High iron concentrations have been suggested to be associated with subclinical inflammation and increased oxidative stress in type 2 diabetes mellitus (T2DM) [1]. Besides, a positive association between fasting glucose and insulin levels and chronic iron deposition has been reported in a population study [2].

Hepcidin is a peptide hormone that regulates iron homeostasis in the body [3]. Hepcidin is synthesized from the hepatocytes and causes negative effect on iron absorption and cellular release via binding to ferroportin [3]. Alterations in hepcidin levels have been reported in chronic diseases with iron deposition [4, 5]. There are a growing number of studies targeting the possible role of hepcidin in the pathogenesis of insulin resistance and related diseases [6–8]. Decreased or unchanged hepcidin concentrations have been found in patients with polycystic ovary and metabolic syndrome [9–11]. In patients with T2DM, some studies have reported decreased circulating hepcidin levels while others showed no change [10, 12, 13]. To the best of our knowledge, there is no data regarding hepcidin concentrations in subjects with impaired glucose tolerance.

Growth Differentiation Factor-15 (GDF-15), which is also known as macrophage inhibitory cytokine 1 (MIC-1), has been suggested as one of the regulators of hepcidin [14]. GDF-15 is an anti-inflammatory cytokine secreted mainly from the macrophages in response to oxidative stress and inflammation [15]. Plasma GDF-15 levels have been found to be positively correlated with abdominal obesity and insulin resistance in obese subjects without diabetes [16]. Also, increasing effect of hyperinsulinemia on circulating GDF-15 concentrations has been shown in a clamp study [17]. Increased GDF-15 levels have been reported in patients with T2DM [18, 19] and high GDF-15 has been suggested to be a compensatory anti-inflammatory mechanism in the development of T2DM [20]. Previous studies on the association between GDF-15 and prediabetes are very few [16, 21, 22].

A strong positive relationship between hepcidin and GDF-15 has been found in anemic patients with T2DM [23]. It has been suggested that anemia may have an effect on the hepcidin and GDF-15 levels [24], but no data is available regarding the hepcidin and GDF-15 levels and their possible relationships in nonanemic subjects with prediabetes. In our point of view, excluding anemic subjects is important to better understand the relationship between hepcidin, GDF-15, and insulin resistance.

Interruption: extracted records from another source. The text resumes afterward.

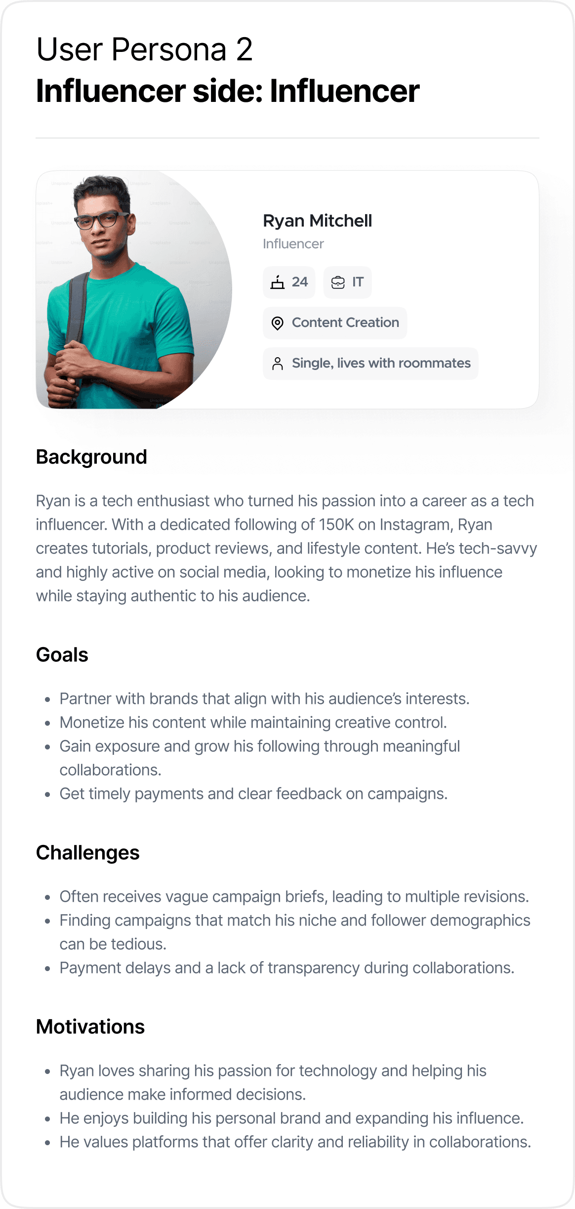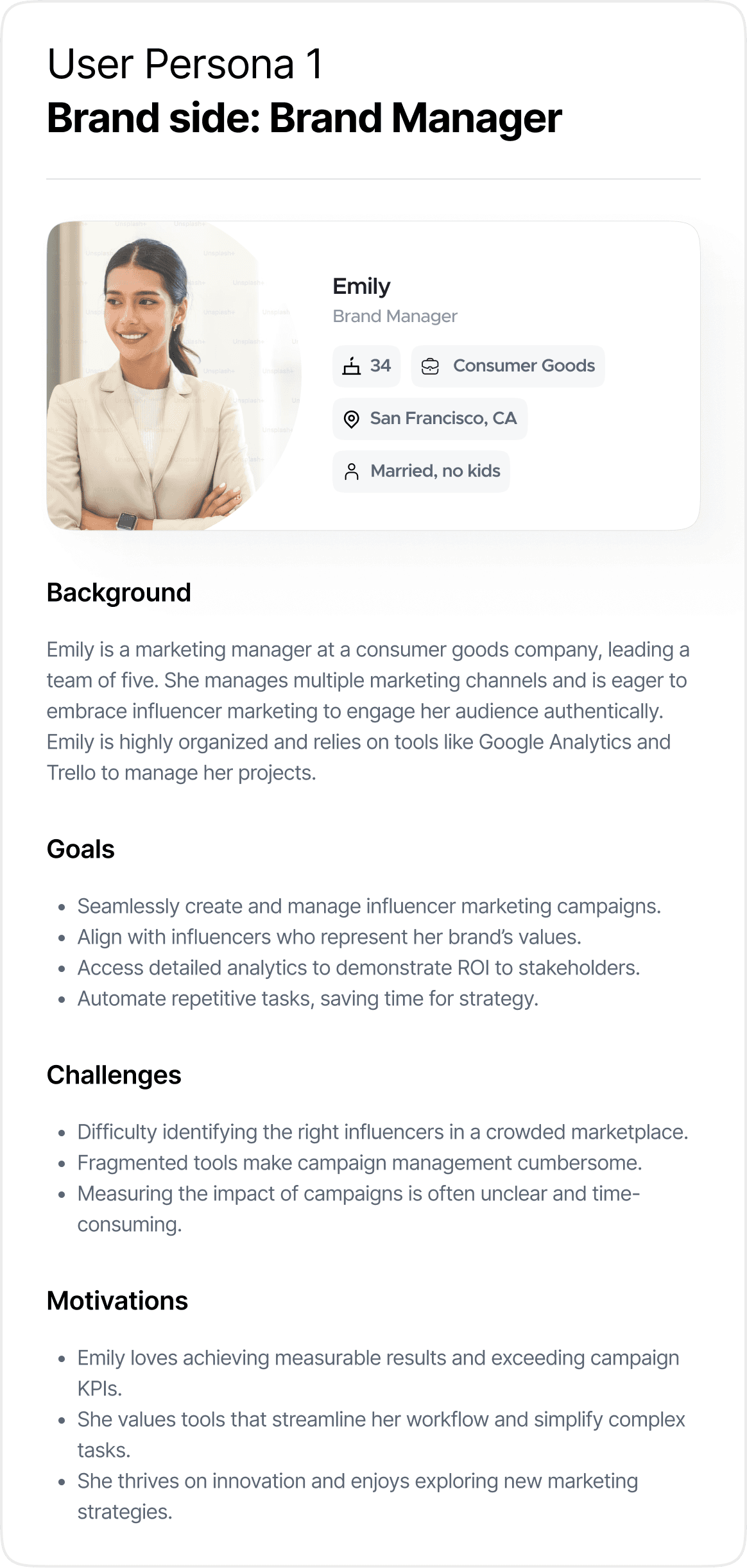 We came up with two personas for the brand side and the influencer side in order to better understand our users.
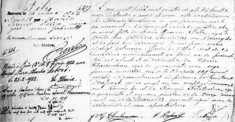 1922 Acte de mariage (Paris, France)
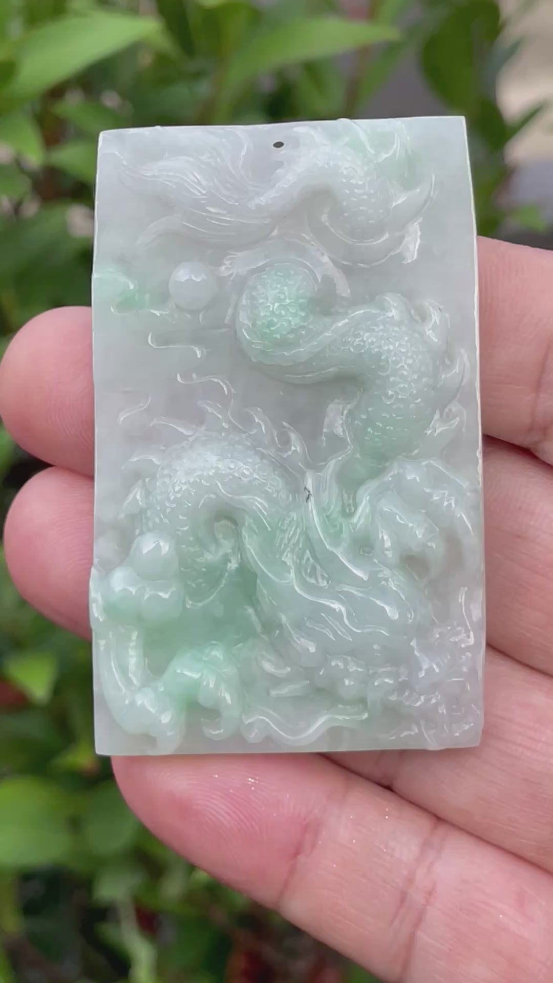 Natural Certified Burmese Jadeite Jade Pendant – Icy White & Imperial Green – Hand-Carved Dragon Motif – JP059
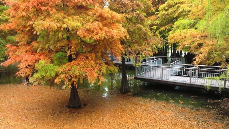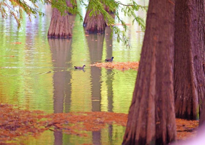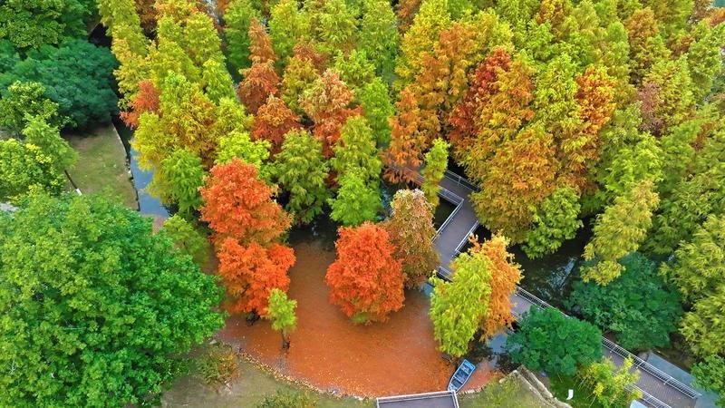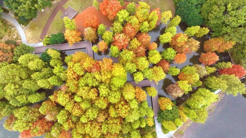 每年11月气温降至10°C左右时,落羽杉就进入一年中颜色最丰富的季节。杉叶会慢慢由绿转红,从半空俯瞰,就像是一幅缤纷绚烂的油彩画,成为翠竹公园秋色最为浓郁的区域。水面上蜿蜒的木栈道贴心地为市民游客设计了最佳观赏点,成群的小鸭悠哉地在水里游泳、嬉戏,随手一拍就是一幅秋季油画。当阳光透过树林,水光倒映着七彩调色的秋天,这一刻秋天有了具象化。
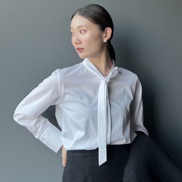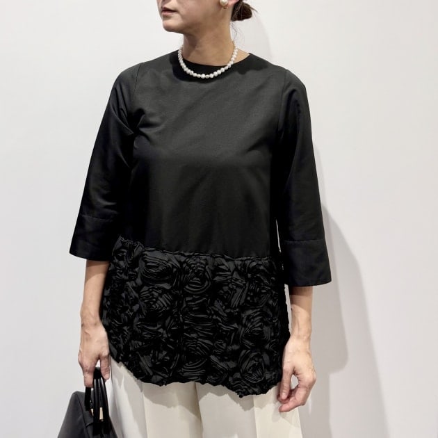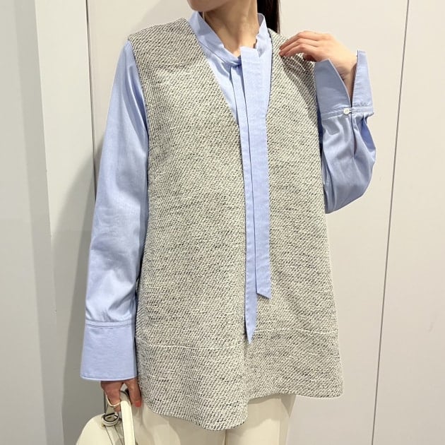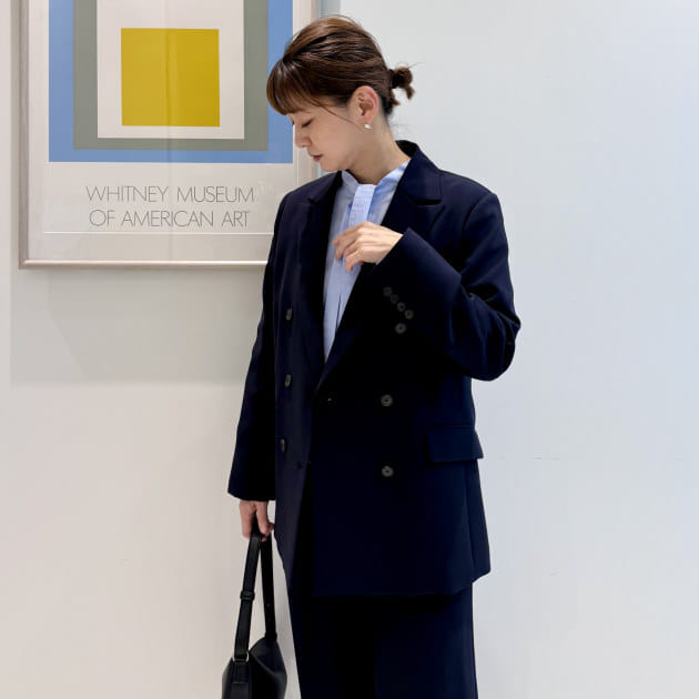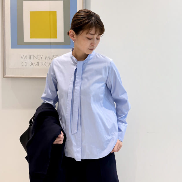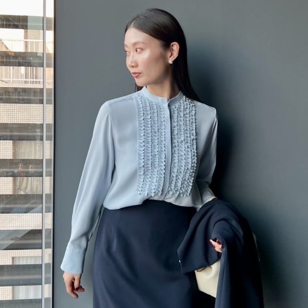 インナーはフロントフリルの華やかなブラウス。ジャケットが滑らかに羽織れる素材感と袖のデザインです。特別感のあるブラウスは1枚あると重宝しますよ。

Our aim here is to investigate serum hepcidin and GDF-15 concentrations and their associations with each other in nonanemic subjects with impaired glucose tolerance and compare them with the nonanemic subjects with normal glucose tolerance.

2. Material and Methods

2.1. Subjects

From the individuals who underwent 75-gr oral glucose tolerance test (OGTT) in our Endocrinology Department, 37 subjects with impaired glucose tolerance were selected to participate in the present study. Impaired glucose tolerance was identified as 2-h glucose between 140 and 199 mg/dL. Subjects with fasting blood glucose level ≥ 126 mg/dL were excluded. The subjects with anemia (<12 g/L for women; <13 g/L for men) and low ferritin levels (<20 ng/mL) and subjects taking medications for anemia or subjects with any chronic disease that may influence the iron metabolism were excluded. Other exclusion criteria were acute or chronic infections, malignancies, and chronic hepatic or renal disease.

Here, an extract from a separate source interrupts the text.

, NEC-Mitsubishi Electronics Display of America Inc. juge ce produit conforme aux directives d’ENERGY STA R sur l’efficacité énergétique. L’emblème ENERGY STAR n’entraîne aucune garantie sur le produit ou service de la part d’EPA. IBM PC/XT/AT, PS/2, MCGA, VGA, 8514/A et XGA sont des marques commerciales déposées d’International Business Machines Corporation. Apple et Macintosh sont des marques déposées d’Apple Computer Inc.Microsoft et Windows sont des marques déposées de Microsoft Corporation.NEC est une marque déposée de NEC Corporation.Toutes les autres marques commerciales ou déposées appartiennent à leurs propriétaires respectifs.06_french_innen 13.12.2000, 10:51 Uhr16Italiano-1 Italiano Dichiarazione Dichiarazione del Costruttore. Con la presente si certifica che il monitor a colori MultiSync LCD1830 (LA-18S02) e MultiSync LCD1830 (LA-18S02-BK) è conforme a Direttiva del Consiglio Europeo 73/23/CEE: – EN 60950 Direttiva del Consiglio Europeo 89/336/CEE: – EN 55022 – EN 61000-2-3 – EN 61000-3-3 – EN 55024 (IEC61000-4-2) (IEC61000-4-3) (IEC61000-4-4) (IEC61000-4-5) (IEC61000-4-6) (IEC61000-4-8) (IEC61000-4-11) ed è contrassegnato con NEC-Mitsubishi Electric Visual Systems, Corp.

Thirty-two age-, gender-, and body mass index- (BMI-) matched subjects with normal glucose tolerance according to 75-gr OGTT (fasting blood glucose < 100 mg/dL, 2-h glucose < 140 mg/dL) were included in the study as the control group.

2.2. Biochemical Analysis

Eight-hour overnight fasting blood samples were collected from participants in the morning for biochemical evaluation. Complete blood count, insulin, uric acid, creatinine, and ferritin levels were studied. Also, blood samples were collected for the measurement of hepcidin, GDF-15, interleukin-6 (IL-6), and high sensitivity C-reactive protein (hsCRP). These samples were stored in −80°C freezer. Glucose levels were measured at 0, 30, 60, 90, and 120 minutes of 75-gr OGTT. A diet containing 300 gr carbohydrates/day was advised at least for 3 days before the test.

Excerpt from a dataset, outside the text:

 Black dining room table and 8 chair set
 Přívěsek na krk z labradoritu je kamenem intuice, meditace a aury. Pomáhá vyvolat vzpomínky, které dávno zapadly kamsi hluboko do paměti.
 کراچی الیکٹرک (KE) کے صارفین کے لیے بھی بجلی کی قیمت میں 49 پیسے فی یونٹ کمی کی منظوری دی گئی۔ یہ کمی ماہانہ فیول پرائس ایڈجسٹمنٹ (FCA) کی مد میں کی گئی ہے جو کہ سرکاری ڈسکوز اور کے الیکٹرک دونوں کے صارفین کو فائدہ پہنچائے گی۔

Area under the curve for glucose (AUC-G) was calculated by trapezoidal rule for all participants. The homeostasis model assessment of insulin resistance (HOMA-IR) was calculated as previously published [25]. Estimated glomerular filtration rate was calculated by the four-variable Modification of Diet in Renal Disease (MDRD) equation [26].

Fasting blood glucose, glucose levels from OGTT, uric acid, creatinine levels were measured by Cobas 8000 model Roche autoanalyser with colorimetric methods. Insulin and ferritin levels were measured by electrochemiluminescence method with Cobas 8000 model Roche autoanalyser. Complete blood count was determined by a Beckman/Coulter Model LH 750 Hematology Analyser. Serum hsCRP levels were determined by nephelometric method with BN ProSpec model analyser (Siemens). Serum Hepcidin 25 (bioactive) (DRG, USA), human GDF-15/MIC-1 (BioVendor, Czech Republic), and Human IL-6 Platinum (eBioscience, Austria) were measured by enzyme-linked immunosorbent assay (ELISA) method.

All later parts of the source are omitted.